## Activity
For this exercise, the lines from the one with "1月26日,牧民在纳木错湖边放牧。雪后的西藏纳木错银装素裹,美景如画。中新社记者 贡嘎来松 摄" through the end of the material below must be output exactly, without pictures.

==================================================

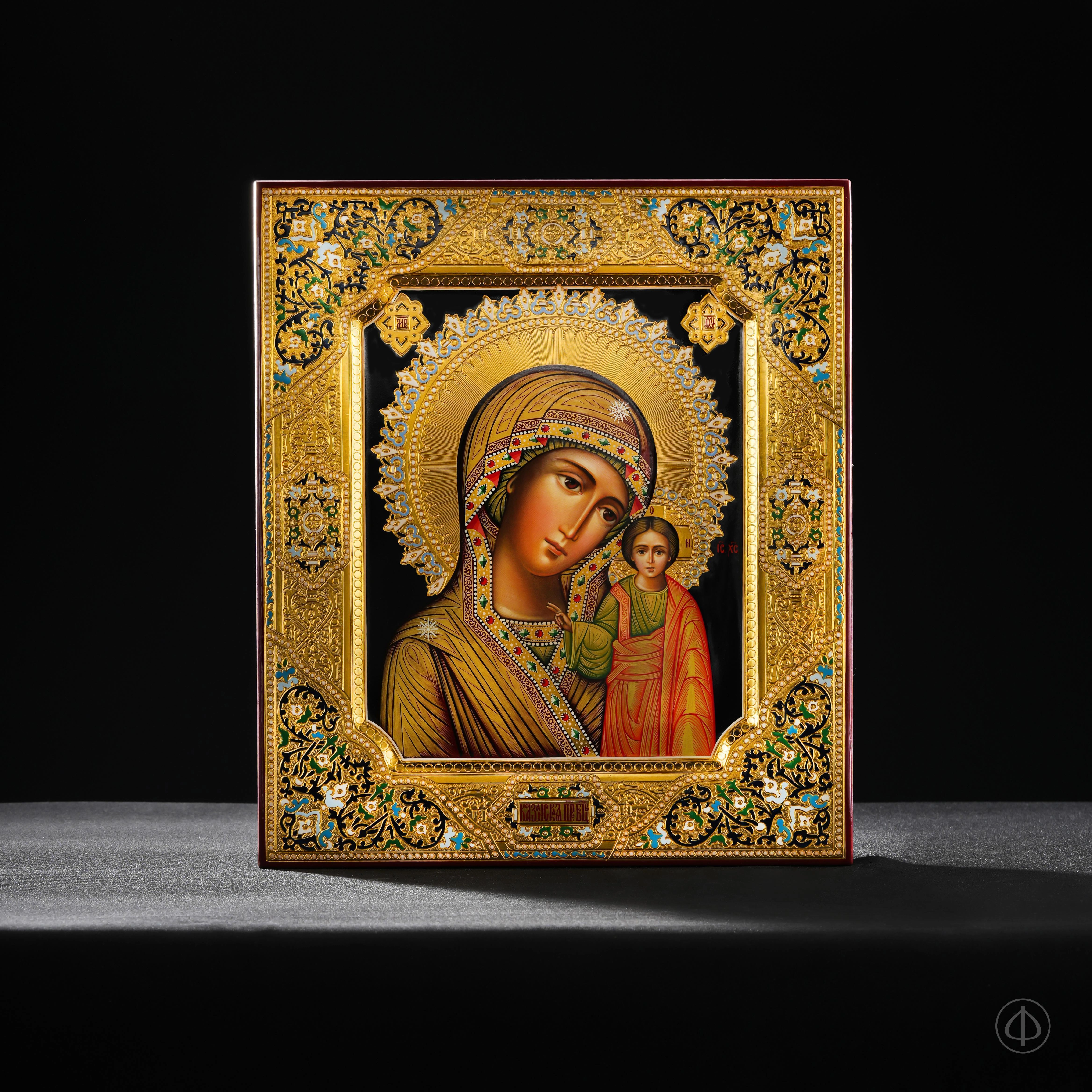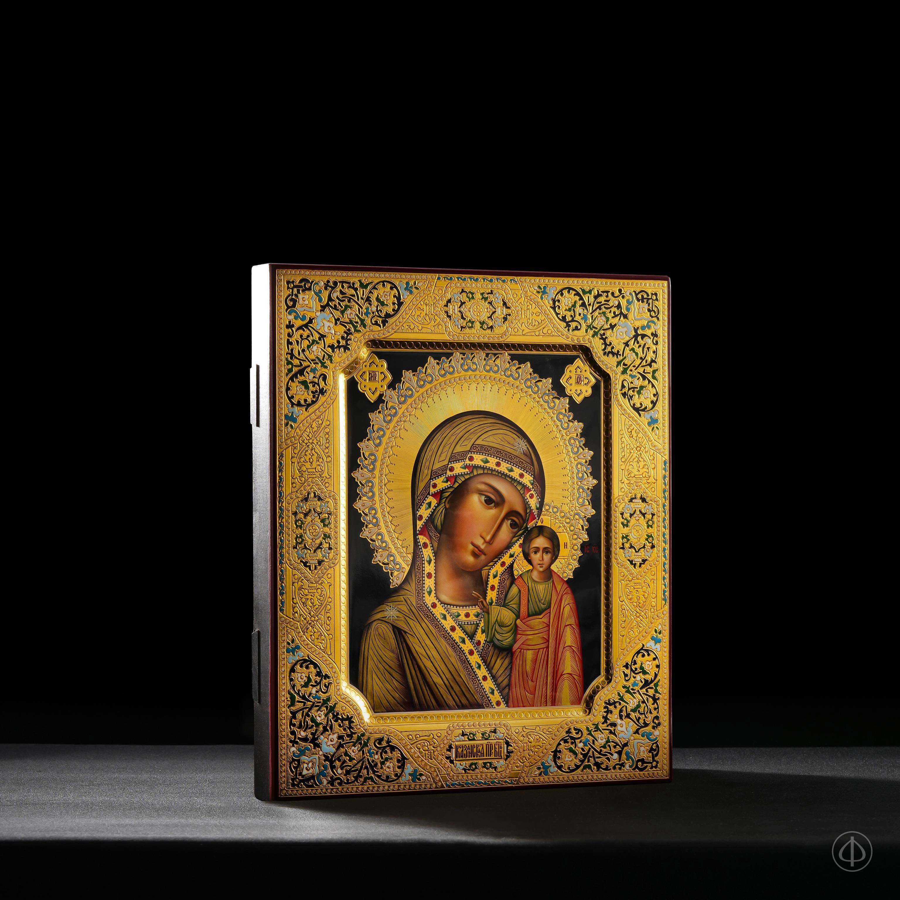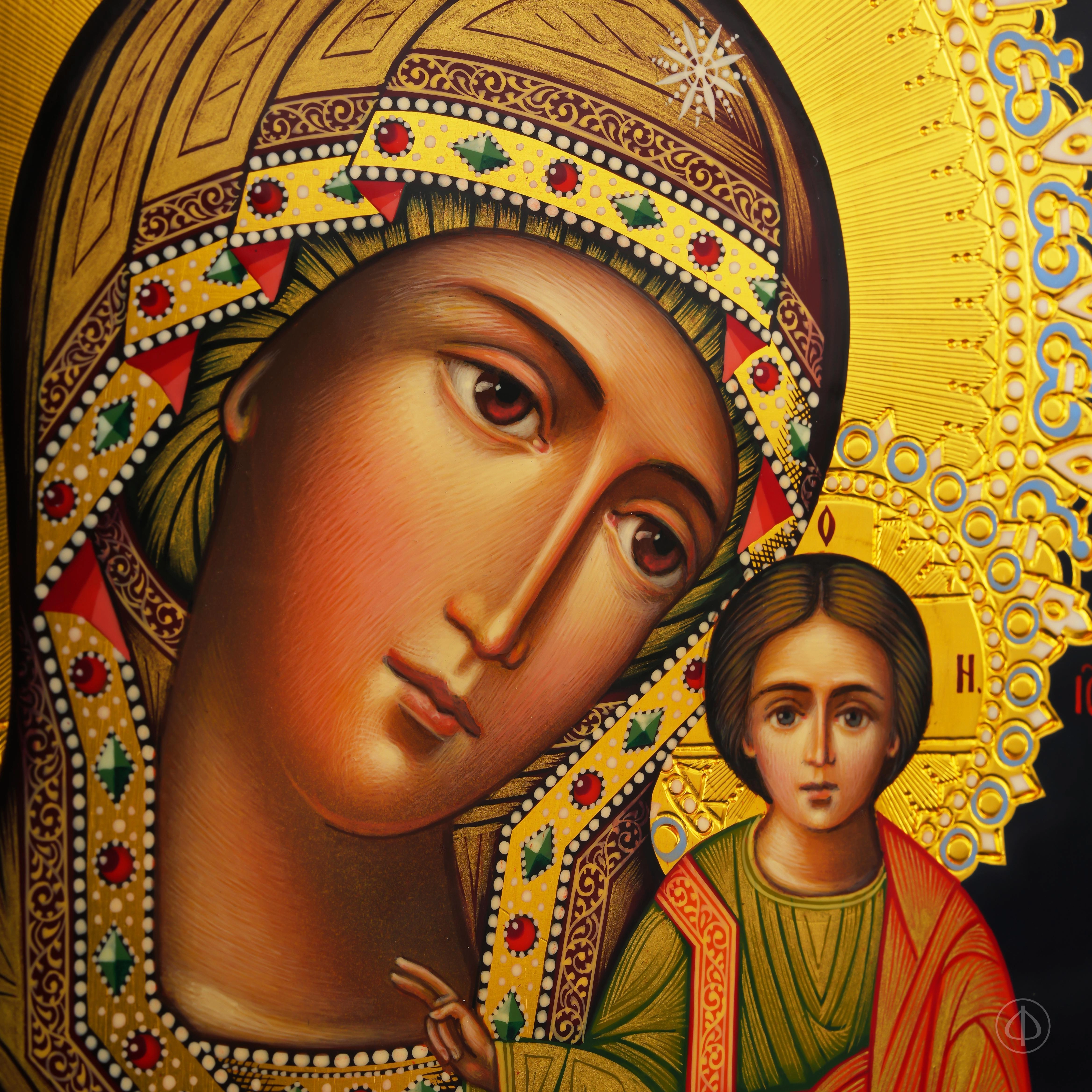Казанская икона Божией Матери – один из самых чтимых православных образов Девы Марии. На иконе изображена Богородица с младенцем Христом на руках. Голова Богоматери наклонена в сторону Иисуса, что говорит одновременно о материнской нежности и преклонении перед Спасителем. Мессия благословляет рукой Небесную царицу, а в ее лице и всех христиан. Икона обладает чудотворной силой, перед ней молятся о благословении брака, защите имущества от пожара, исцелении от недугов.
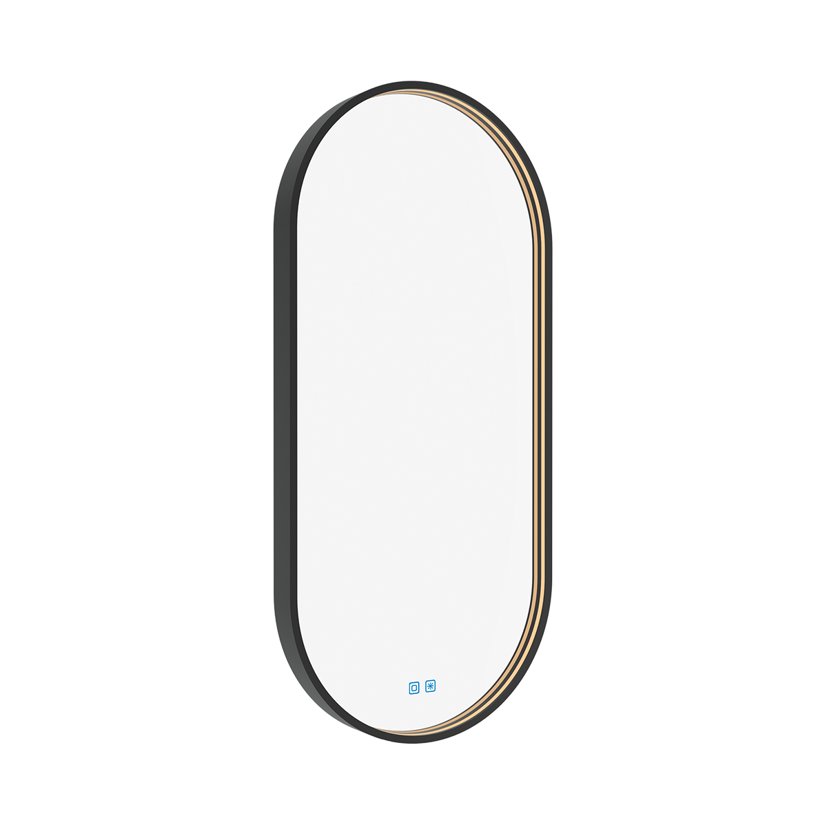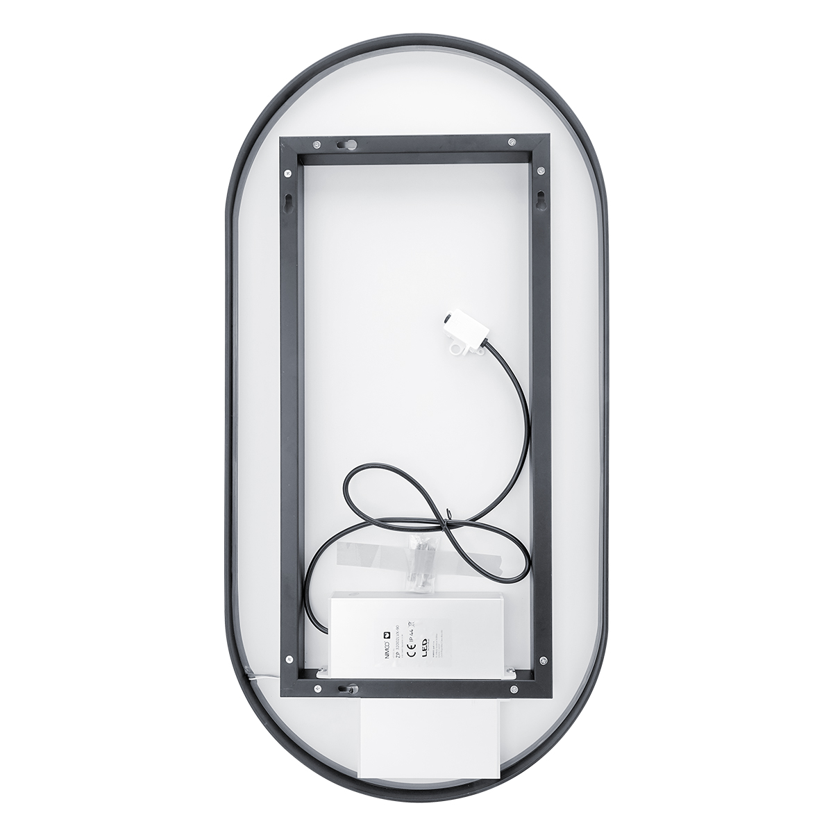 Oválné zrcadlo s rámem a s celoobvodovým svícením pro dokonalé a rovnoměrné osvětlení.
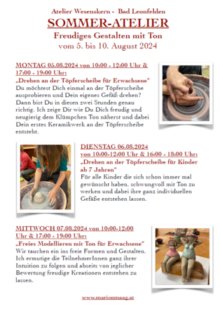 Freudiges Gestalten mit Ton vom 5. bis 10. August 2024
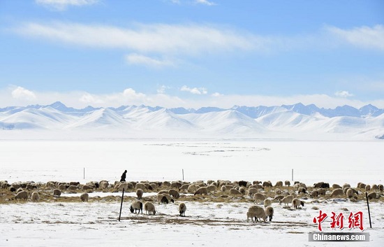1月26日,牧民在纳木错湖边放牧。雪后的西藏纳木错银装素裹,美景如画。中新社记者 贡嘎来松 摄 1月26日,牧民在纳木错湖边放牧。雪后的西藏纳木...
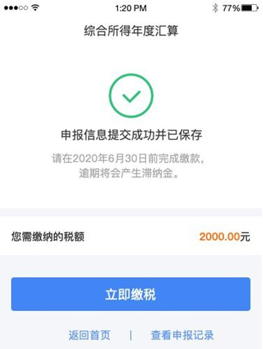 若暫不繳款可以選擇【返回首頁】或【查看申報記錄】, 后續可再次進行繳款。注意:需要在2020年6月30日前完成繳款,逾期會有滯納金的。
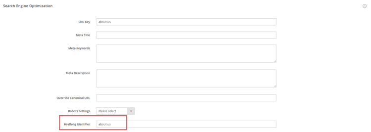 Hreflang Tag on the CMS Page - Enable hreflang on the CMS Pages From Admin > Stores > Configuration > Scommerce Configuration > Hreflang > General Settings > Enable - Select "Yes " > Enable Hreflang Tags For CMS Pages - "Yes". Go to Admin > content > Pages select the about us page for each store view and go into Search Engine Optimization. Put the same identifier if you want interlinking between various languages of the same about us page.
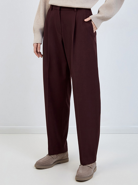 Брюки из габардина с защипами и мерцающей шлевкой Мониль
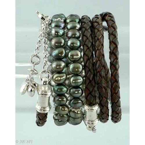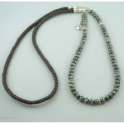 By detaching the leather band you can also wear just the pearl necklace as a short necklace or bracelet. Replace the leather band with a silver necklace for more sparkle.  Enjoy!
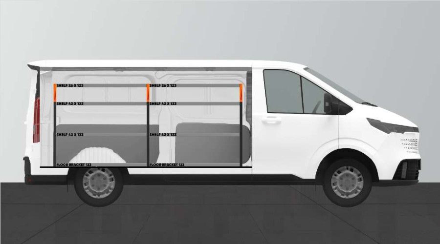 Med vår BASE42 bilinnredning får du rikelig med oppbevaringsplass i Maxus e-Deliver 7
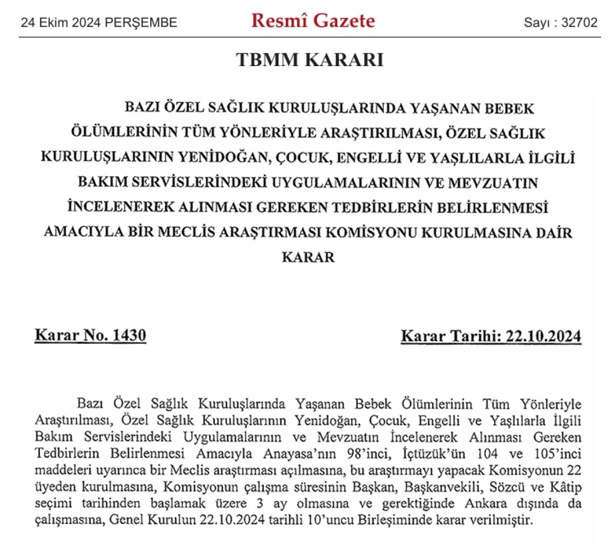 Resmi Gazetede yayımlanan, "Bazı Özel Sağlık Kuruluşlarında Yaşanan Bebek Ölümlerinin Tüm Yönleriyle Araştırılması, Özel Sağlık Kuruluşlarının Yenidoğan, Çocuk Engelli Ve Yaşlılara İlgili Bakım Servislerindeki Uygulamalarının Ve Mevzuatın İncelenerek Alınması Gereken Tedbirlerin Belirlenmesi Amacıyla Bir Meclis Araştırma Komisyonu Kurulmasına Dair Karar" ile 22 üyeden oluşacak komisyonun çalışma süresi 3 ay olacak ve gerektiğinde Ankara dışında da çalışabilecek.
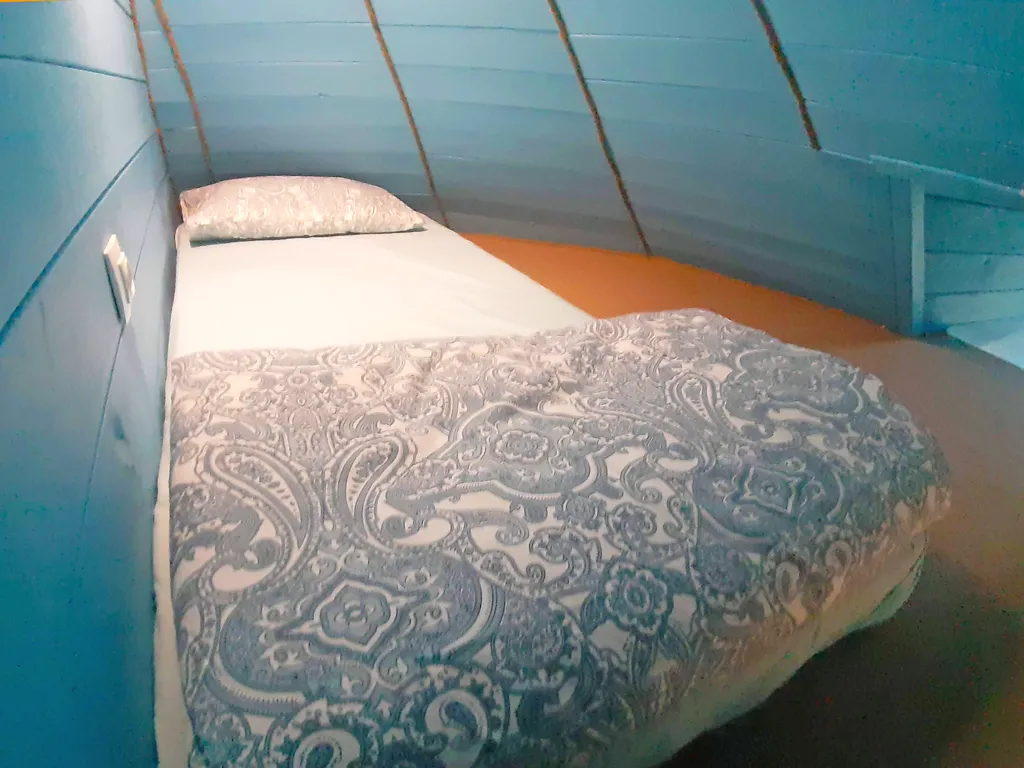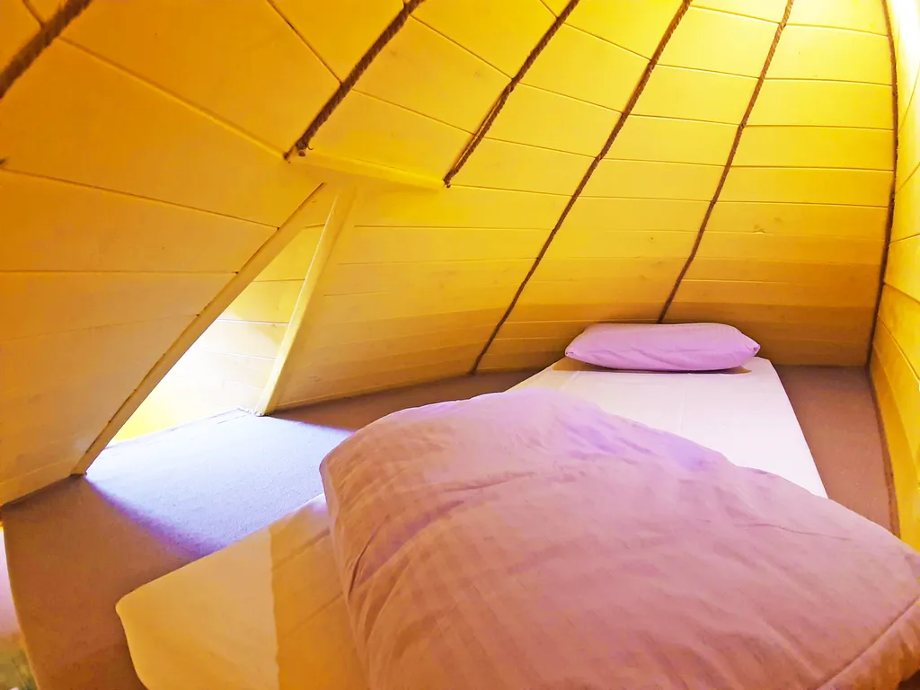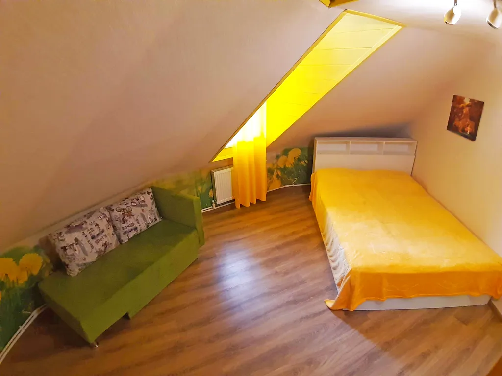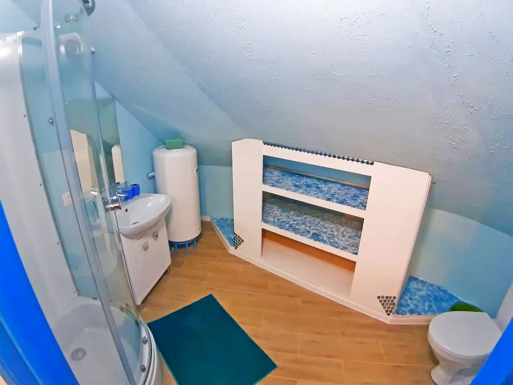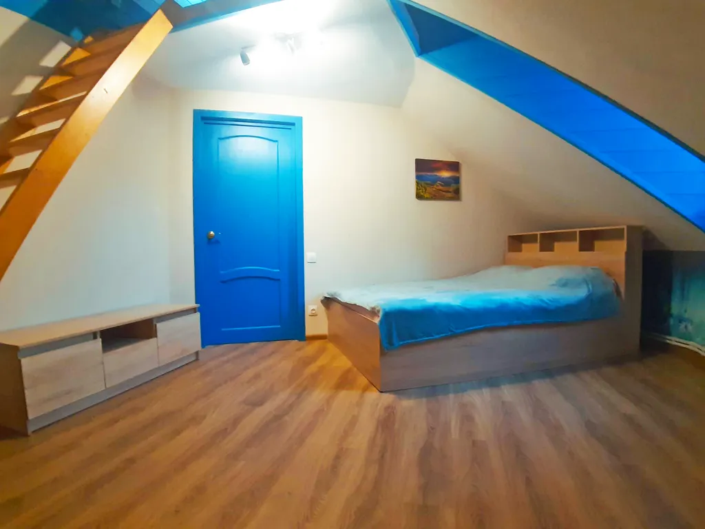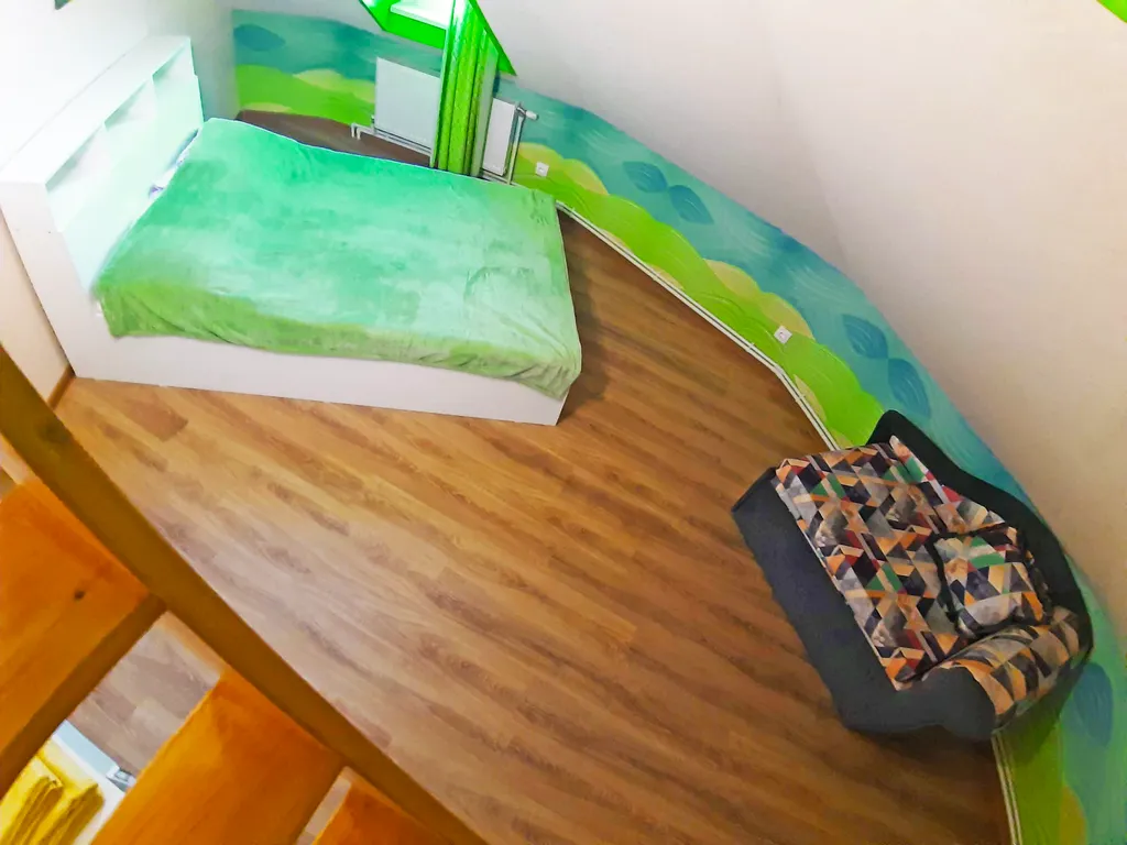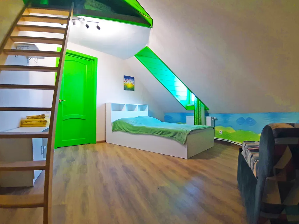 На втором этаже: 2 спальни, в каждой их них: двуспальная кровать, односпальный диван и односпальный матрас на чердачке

==================================================

## Your solution
1月26日,牧民在纳木错湖边放牧。雪后的西藏纳木错银装素裹,美景如画。中新社记者 贡嘎来松 摄 1月26日,牧民在纳木错湖边放牧。雪后的西藏纳木...
 若暫不繳款可以選擇【返回首頁】或【查看申報記錄】, 后續可再次進行繳款。注意:需要在2020年6月30日前完成繳款,逾期會有滯納金的。
 Hreflang Tag on the CMS Page - Enable hreflang on the CMS Pages From Admin > Stores > Configuration > Scommerce Configuration > Hreflang > General Settings > Enable - Select "Yes " > Enable Hreflang Tags For CMS Pages - "Yes". Go to Admin > content > Pages select the about us page for each store view and go into Search Engine Optimization. Put the same identifier if you want interlinking between various languages of the same about us page.
 Брюки из габардина с защипами и мерцающей шлевкой Мониль
 By detaching the leather band you can also wear just the pearl necklace as a short necklace or bracelet. Replace the leather band with a silver necklace for more sparkle.  Enjoy!
 Med vår BASE42 bilinnredning får du rikelig med oppbevaringsplass i Maxus e-Deliver 7
 Resmi Gazetede yayımlanan, "Bazı Özel Sağlık Kuruluşlarında Yaşanan Bebek Ölümlerinin Tüm Yönleriyle Araştırılması, Özel Sağlık Kuruluşlarının Yenidoğan, Çocuk Engelli Ve Yaşlılara İlgili Bakım Servislerindeki Uygulamalarının Ve Mevzuatın İncelenerek Alınması Gereken Tedbirlerin Belirlenmesi Amacıyla Bir Meclis Araştırma Komisyonu Kurulmasına Dair Karar" ile 22 üyeden oluşacak komisyonun çalışma süresi 3 ay olacak ve gerektiğinde Ankara dışında da çalışabilecek.
 На втором этаже: 2 спальни, в каждой их них: двуспальная кровать, односпальный диван и односпальный матрас на чердачке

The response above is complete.